◆ What to do
Transcribe only the lines in the data below falling between the line with "This is the" and the line with "情况一:筛选列如果选择全部列", including those two lines, and leave out any picture.

◆ Supplied data

++++++++

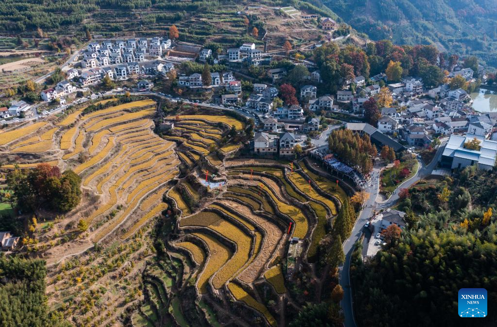 This aerial photo taken on Nov. 5, 2022 shows the autumn scenery of Zhinan Village in Lin'an District of Hangzhou City, east China's Zhejiang Province. China has inscribed a total of 8,155 traditional villages to its state protection list in an effort to conserve the country's millennia-old agricultural civilization, official data showed. Zhejiang is among the leaders in the country's rural vitalization drive, with great efforts being made to protect the natural environment and traditional culture. (Xinhua/Xu Yu)
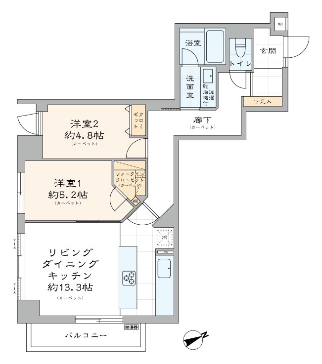 - 間取り2LDK+WIC
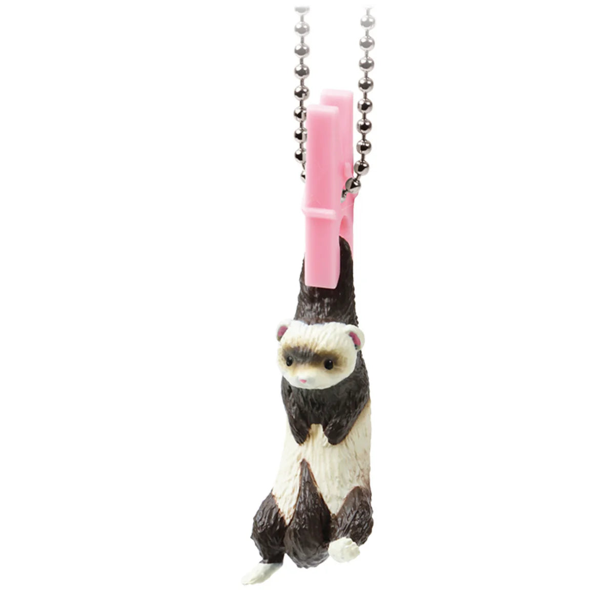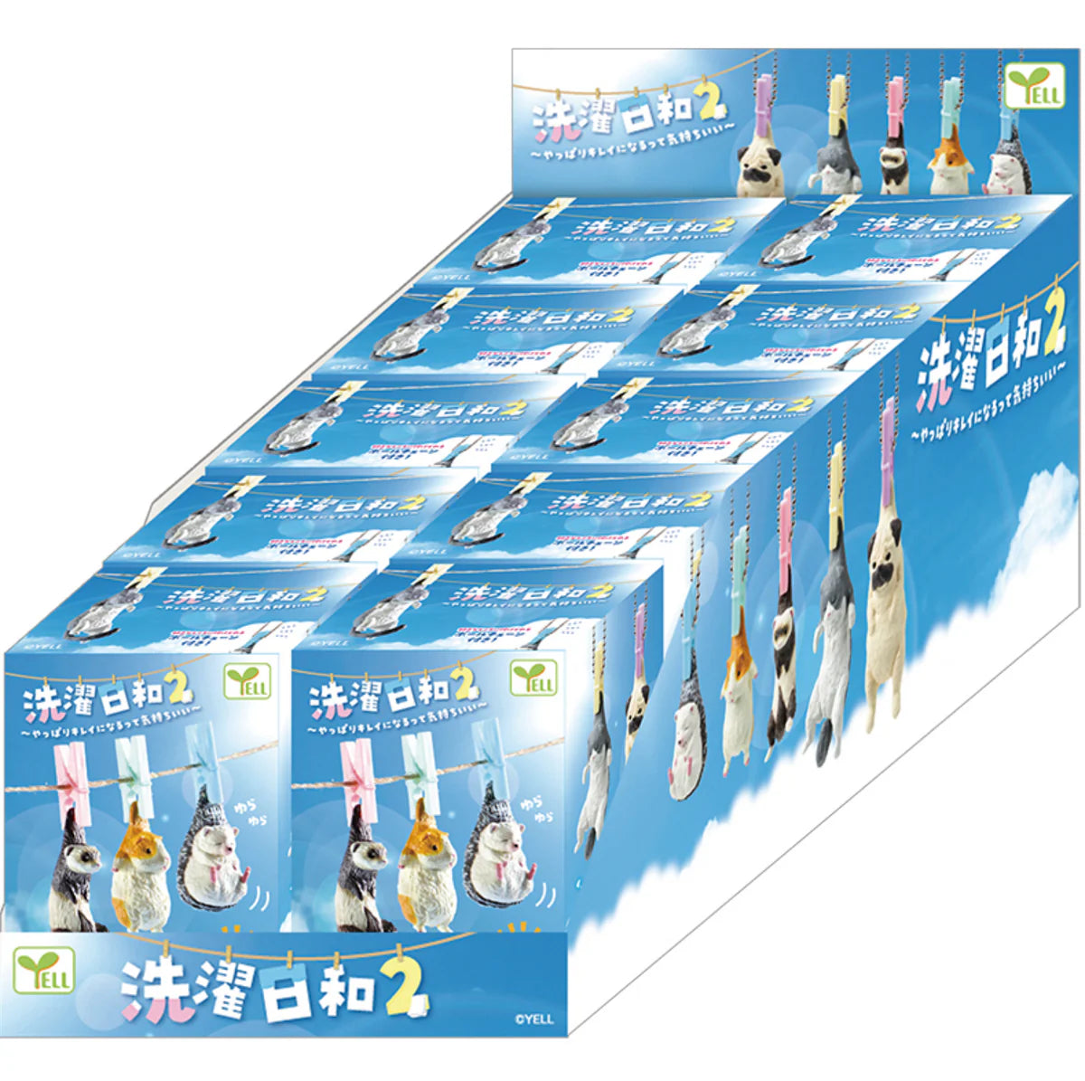 A blind box containing keychain figures of adorable animals being washed and swaying as they dry
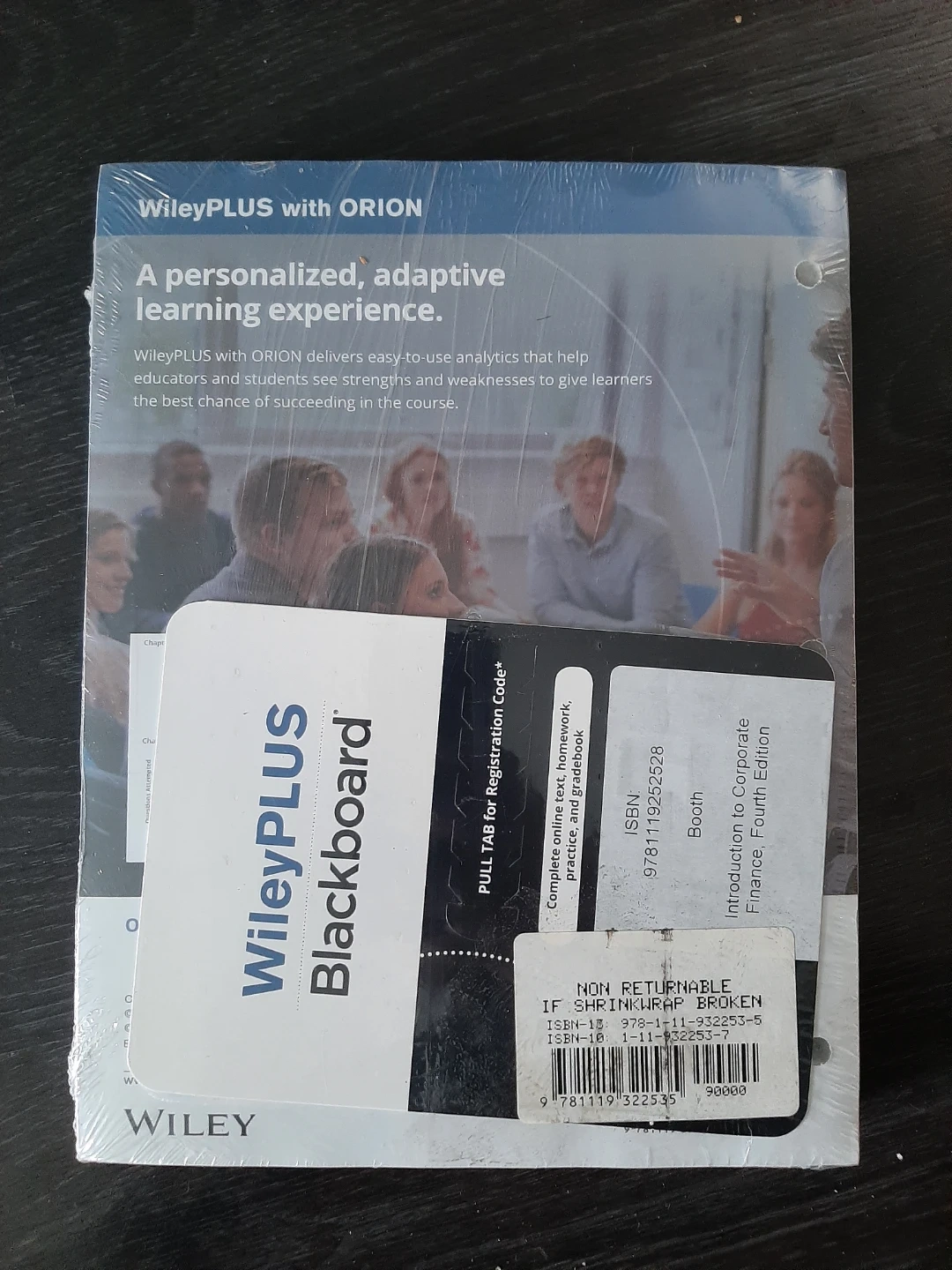 This is the WileyPLUS with ORION "Introduction to Corporate Finance" textbook, Fourth Edition. It's a Wiley Binder Version and includes WileyPLUS Blackboard access.
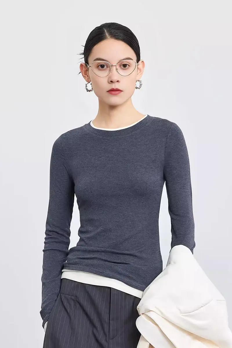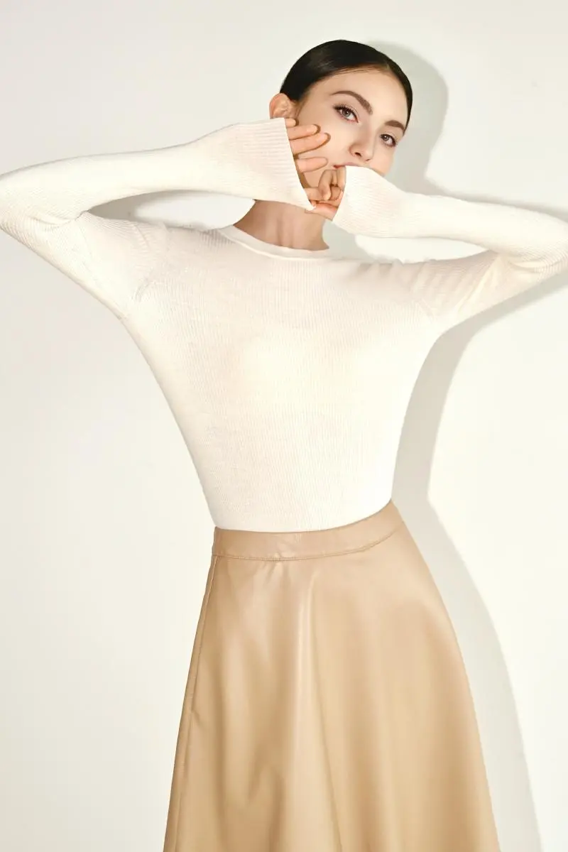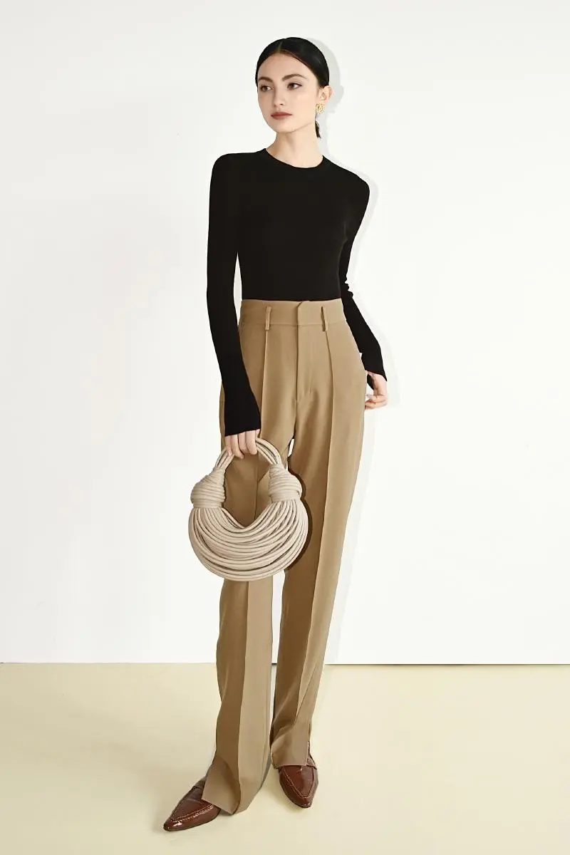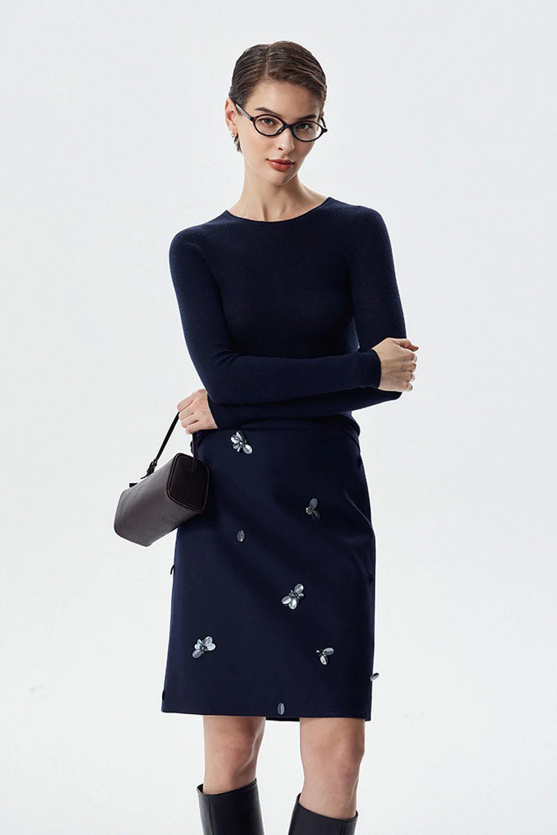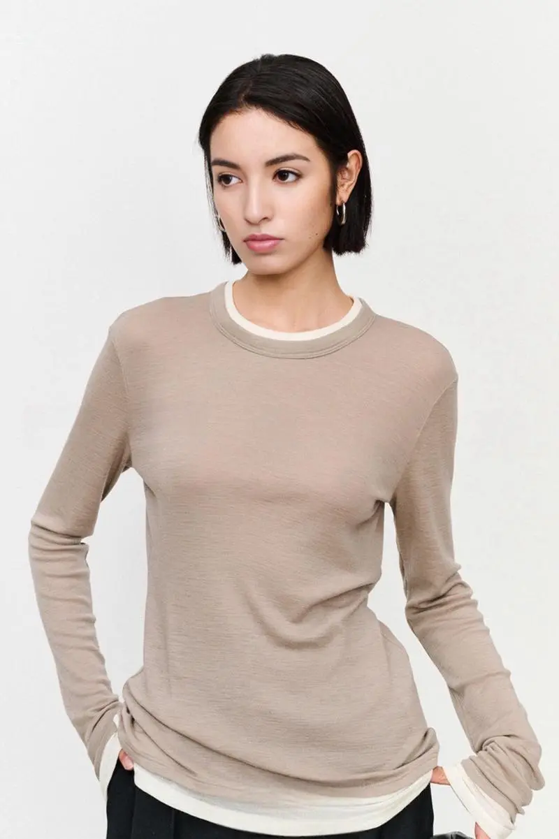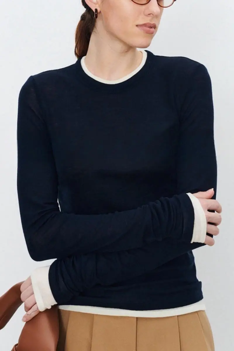 100 Merino Wool Seamless Knit Crewneck Sweater
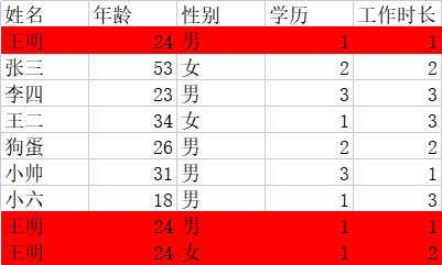 情况一:筛选列如果选择全部列,就是所有列的数据重复,才会认为数据是重复值,进行删除
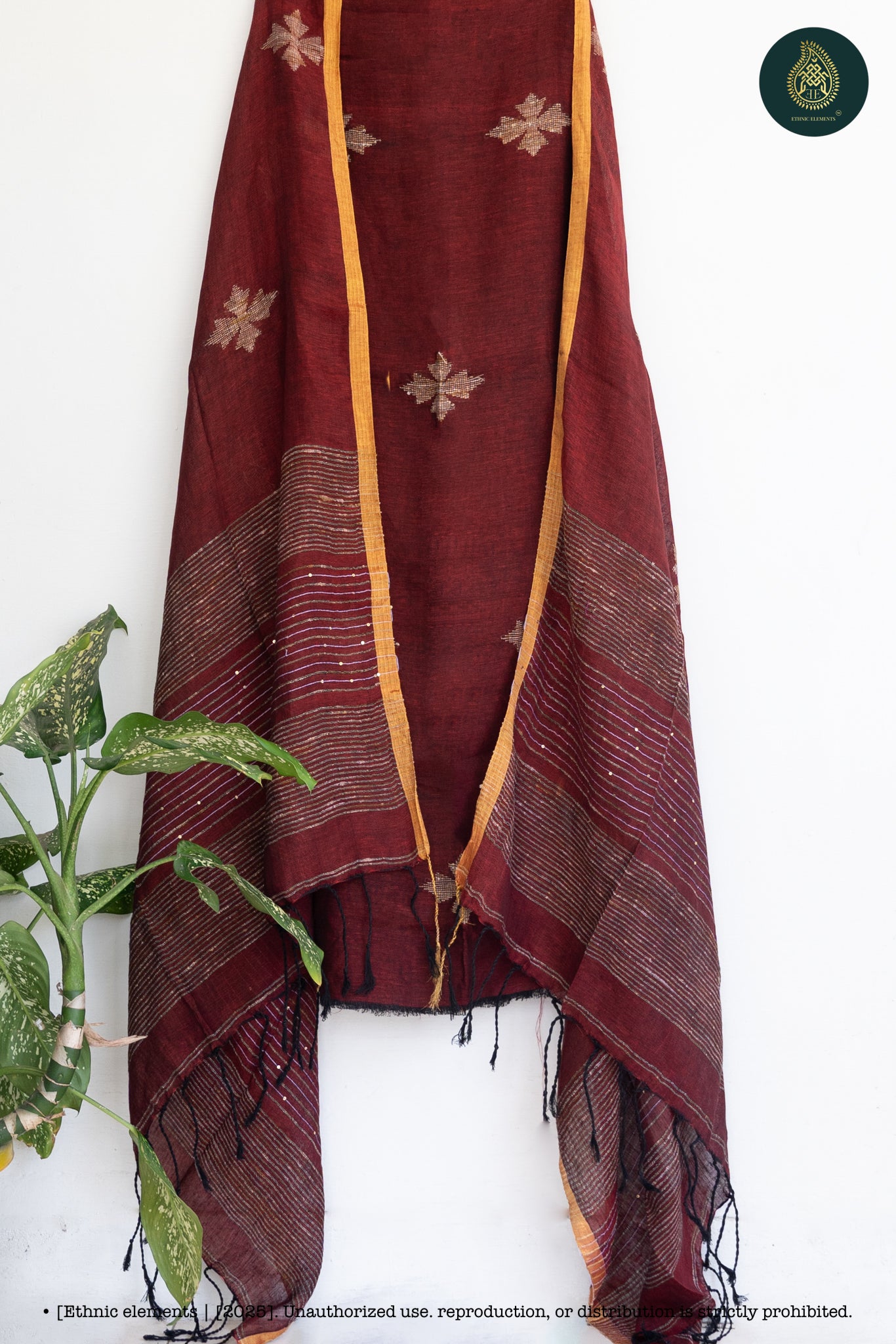 Unstitched Linen Kurta Dupatta Set with Gicha Jamdani Weaving & Sequin Work
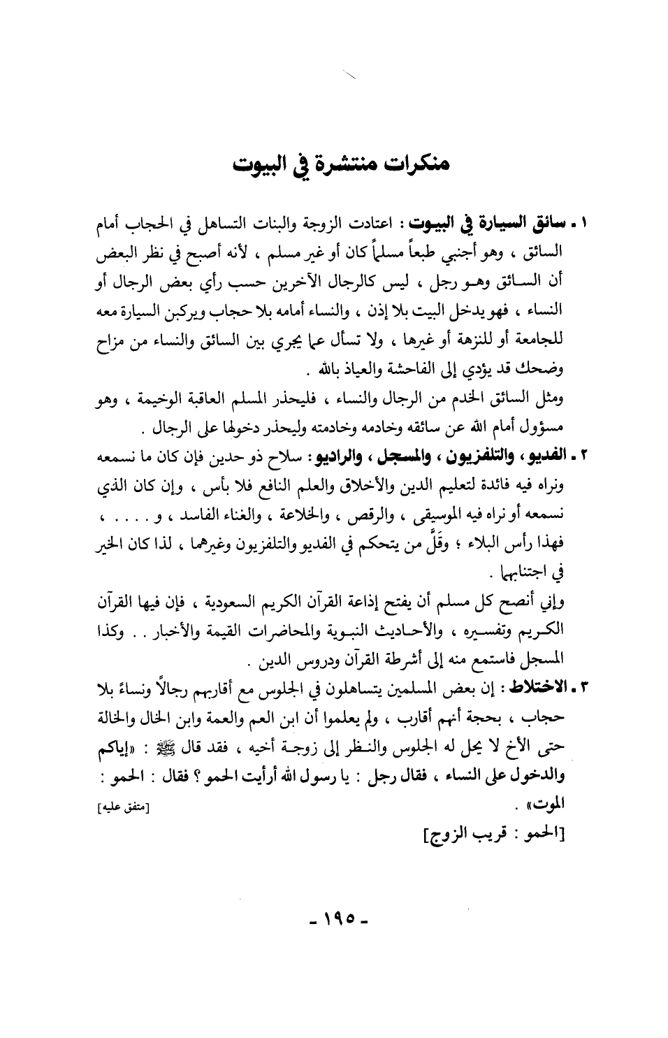 6 - السفر: بعض الناس يسافر بعائلاتهم في إجازة الصيف إلى أوربا، وسويسرا، وفرنسا وغيرها لمجرد النزهة، وربما دخلوا بعائلاتهم وبناتهم إلى أماكن اللهو والفساد، ويكون الرجل سببًا في وقوعهم في الفساد الأخلاقي أو غير ذلك.
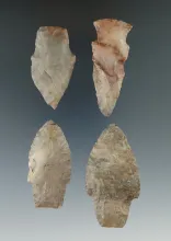 Set of four assorted arrowheads on the Michigan, largest is 2 3/8". |
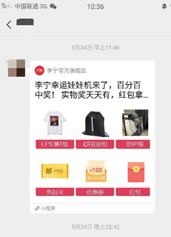 每天跟人都在聊转化,聊深挖顾客价值, 最近我倒是被别人转化了….事情的起因是朋友的一个分享链接,点进去是国潮李宁在小程序办的抽奖活动。
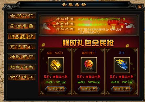 限时礼包第二天就会更新,3天后就会消失。需要的兄弟们抓紧了。本活动只有合服的时候才会出现。

++++++++

◆ Exercise answer
 This is the WileyPLUS with ORION "Introduction to Corporate Finance" textbook, Fourth Edition. It's a Wiley Binder Version and includes WileyPLUS Blackboard access.
 100 Merino Wool Seamless Knit Crewneck Sweater
 情况一:筛选列如果选择全部列,就是所有列的数据重复,才会认为数据是重复值,进行删除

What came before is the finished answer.